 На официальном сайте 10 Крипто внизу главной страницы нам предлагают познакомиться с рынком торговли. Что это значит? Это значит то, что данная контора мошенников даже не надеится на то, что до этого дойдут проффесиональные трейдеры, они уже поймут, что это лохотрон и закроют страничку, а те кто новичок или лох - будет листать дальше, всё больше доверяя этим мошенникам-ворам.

...

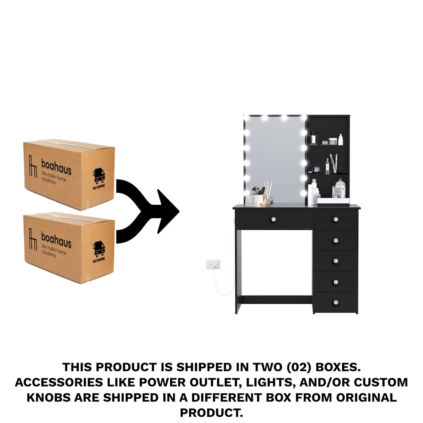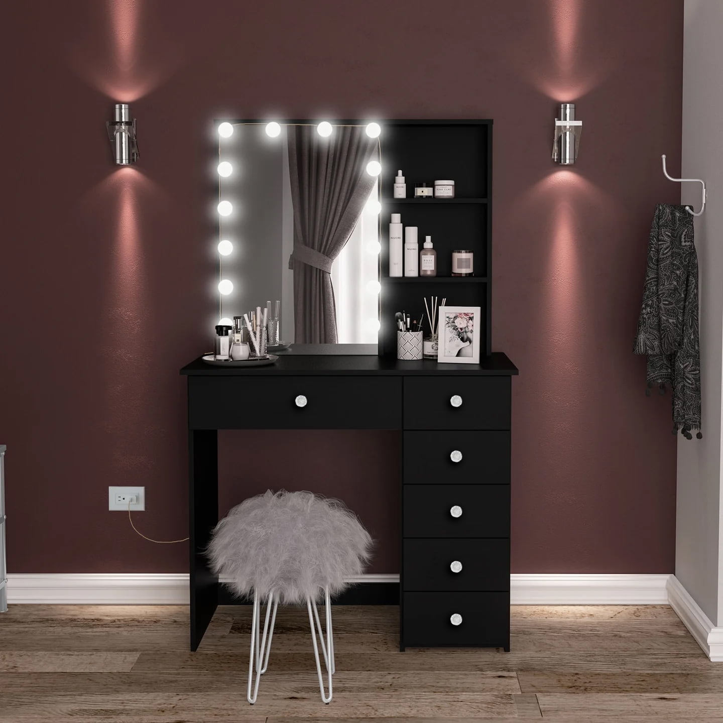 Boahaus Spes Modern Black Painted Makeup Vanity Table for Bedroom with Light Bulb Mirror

---

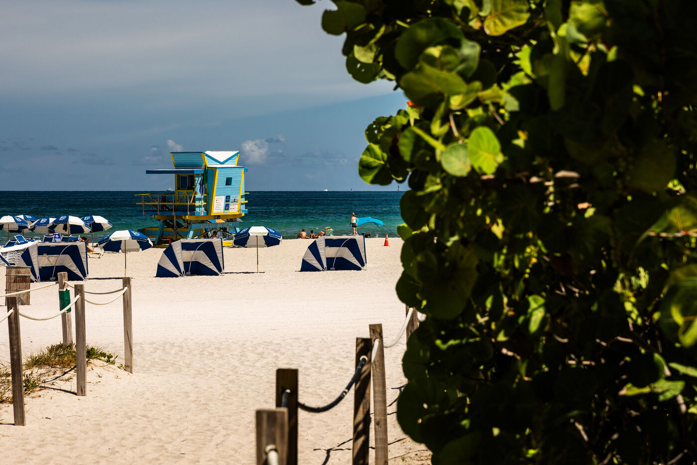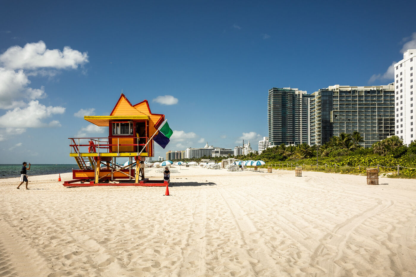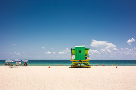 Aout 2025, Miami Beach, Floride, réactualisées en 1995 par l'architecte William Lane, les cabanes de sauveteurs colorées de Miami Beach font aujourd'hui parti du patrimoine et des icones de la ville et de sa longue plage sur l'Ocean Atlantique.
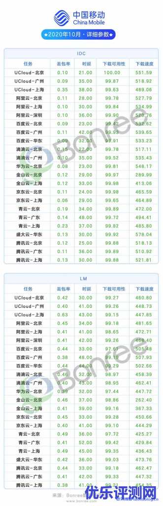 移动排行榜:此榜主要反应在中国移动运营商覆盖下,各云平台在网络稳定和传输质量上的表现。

_What to work on_
Take the material above and output only the lines from the one that contains "Aout 2025, Miami" through the one that contains "移动排行榜:此榜主要反应在中", ends included and images left out.

_Task output_
 Aout 2025, Miami Beach, Floride, réactualisées en 1995 par l'architecte William Lane, les cabanes de sauveteurs colorées de Miami Beach font aujourd'hui parti du patrimoine et des icones de la ville et de sa longue plage sur l'Ocean Atlantique.
 移动排行榜:此榜主要反应在中国移动运营商覆盖下,各云平台在网络稳定和传输质量上的表现。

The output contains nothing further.